The labeling section 115a performs labeling processing by using the image signal SDdf of the differential image generated by the outline-extracting section 111. If the differential image contains a pixel of the first identification value “255”, the labeling section 115a imparts a label number to this pixel. Further, the labeling section 115a detects unlabeled pixel(s) of the first identification value “255” among the pixels that are adjacent to the thus labeled pixel upward or downward, rightward or leftward, or obliquely and imparts the identical label number to the detected pixel(s) . Then, if there are no more pixels detected to which the same label number can be imparted, the labeling section 115a changes the label number (for example, counts up the label number) to set a new label and detects the pixels of the first identification value “255” that is not labeled. If having detected the pixel of the first identification value “255” that is not labeled, the labeling section 115a imparts a new label number to the detected pixel. Further, the labeling section 115a imparts the new label number to the unlabeled pixels that are of the first identification value “255” and that are upward or downward, rightward or leftward, or obliquely adjacent to the pixel to which the label number is imparted. Similarly, if there are no more pixels detected to which the same label number can be imparted, the labeling section 115a changes the label number to repeat the above-mentioned processing, thereby enabling the labeling section 115a to impart label numbers to all of the pixels of the first identification value “255”. By thus imparting label numbers, one label number will be imparted to the consecutive outlines.
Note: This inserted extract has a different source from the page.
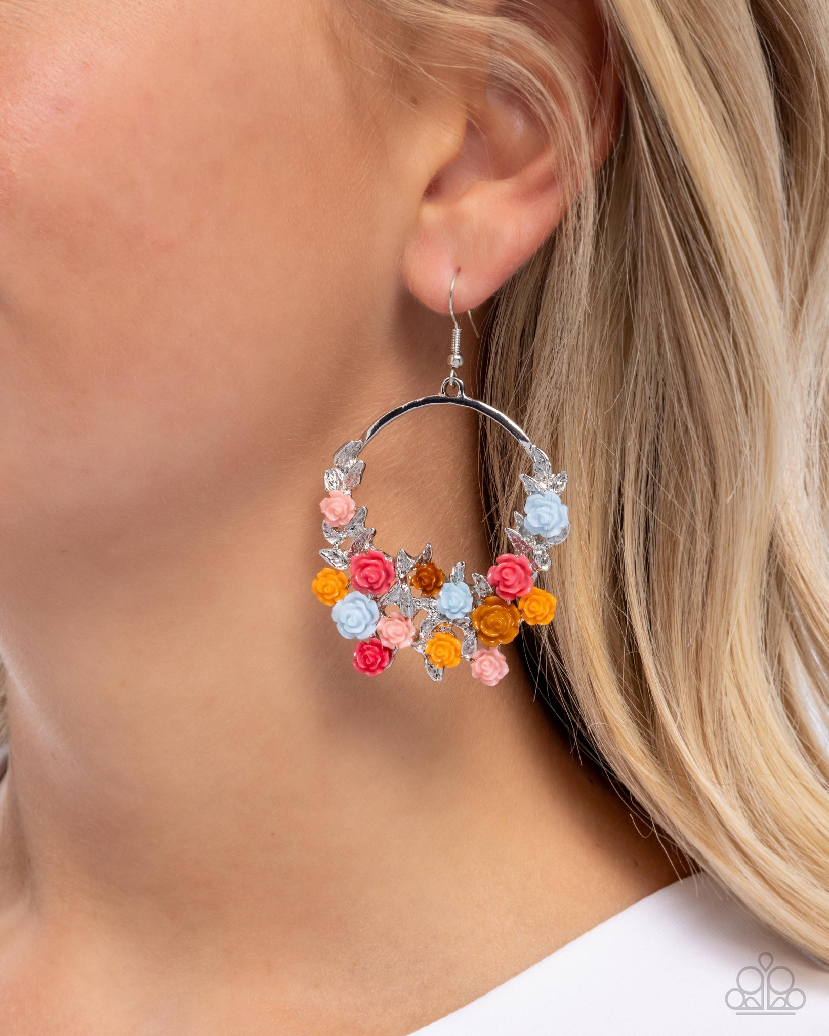 Blooming amongst textured silver leaves, a collection of Desert Rose, light peach, Buckthorn Brown, Winter Sky, and light pink rose acrylics coalesce below the ear from a silver hoop for a floral flair. Earring attaches to a standard fishhook fitting.
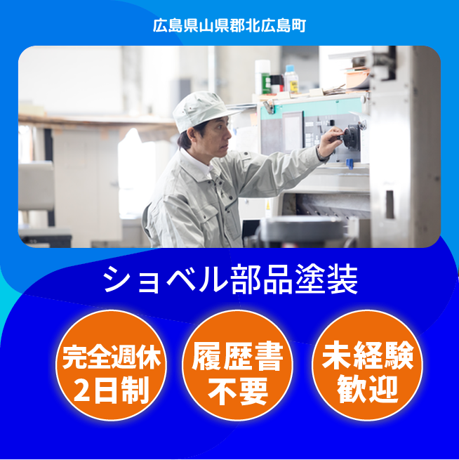 給与詳細 月収例 226,800円 日給例 11,340円 勤務地 広島県山県郡北広島町 仕事内容 カチオン完成品を上塗りラインに釣り掛け、台車移動などの、着荷・脱荷作業。

Next, the labeling section 115a counts the number of the pixels belonging to each of the label numbers, changes the pixel values of the pixels other than those having the label number with the largest number of the pixels from the first identification value “255” to the second identification value “0” except for the longest consecutive outline, and supplies a labeling processing signal SD1a after the labeling processing to a region-information-generating section 116.
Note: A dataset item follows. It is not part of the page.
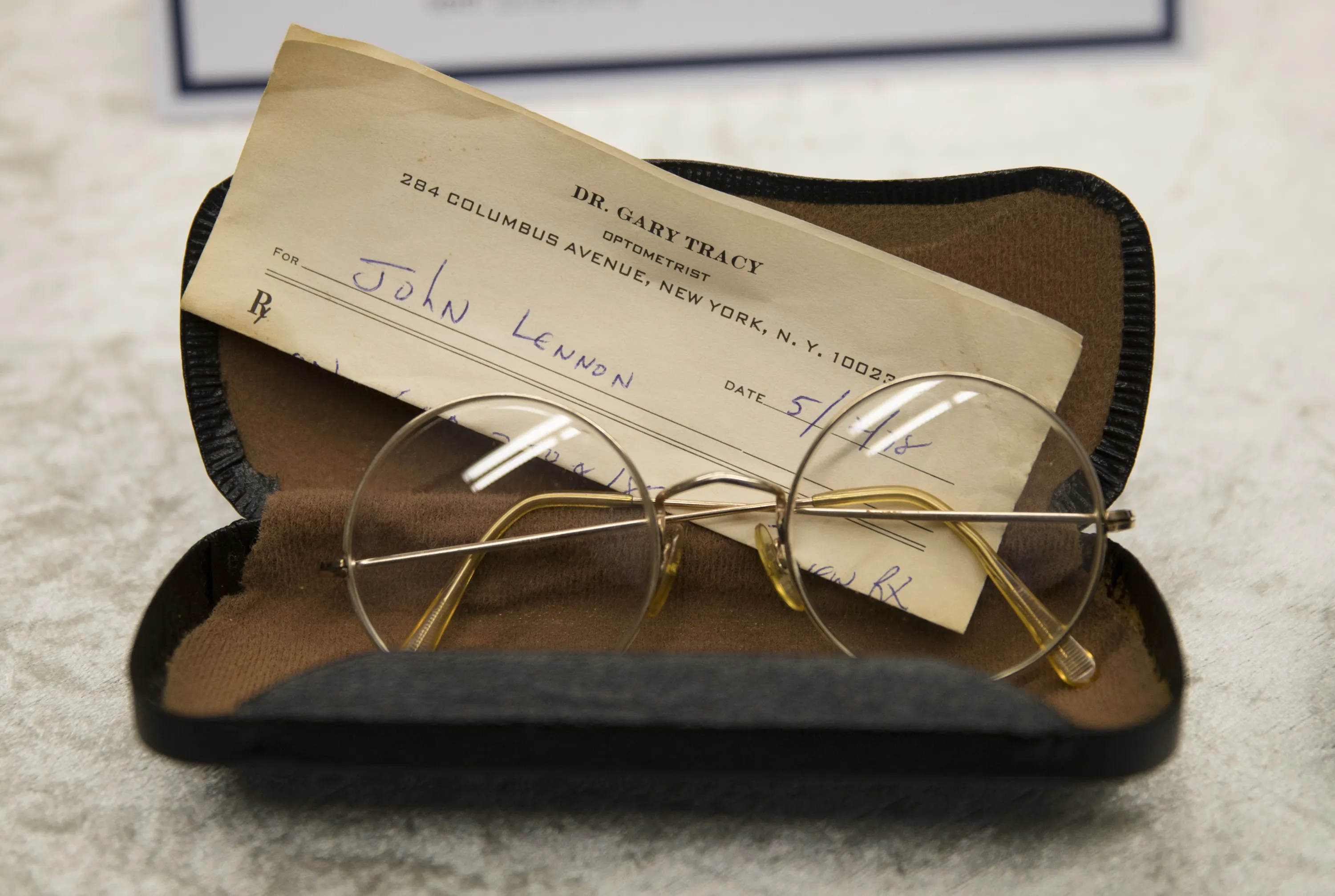 A pair of John Lennon's glasses with a prescription by optometrist Gary Tracy are displayed at the police headquarters in Berlin, Tuesday, November 21, 2017, after German police arrested a man suspected of handling stolen objects from Lennon's estate, including diaries which were stolen from Lennon's widow, Yoko Ono, in New York in 2006. (Photo by Markus Schreiber/AP Photo)

The region-information-generating section 116 generates the region signal SE that indicates a subject region from the labeling processing signal SD1a obtained upon completion of the labeling processing by the labeling section 115a. The region-information-generating section 116 extracts a region enclosed by the longest consecutive outline, that is, a region enclosed by the pixels of the first identification value “255” as the subject region, changes the second identification value “0” of the pixels in this subject region to the first identification value “255”, and provides it as the region signal SE. Determination as to whether or not the pixel is contained in the subject region can be made by, for example, detecting whether the pixel of the first identification value “255” presents in all of the upward and downward, rightward and leftward, and oblique directions with respect to the pixel of the second identification value “0”. If the pixel of the first identification value “255” presents in all of the directions, the pixel is set to be within the subject region. It should be noted that in the region signal SE, the pixels of the first identification value are indicated to be inside the subject region and those of the second identification value to be outside the subject region.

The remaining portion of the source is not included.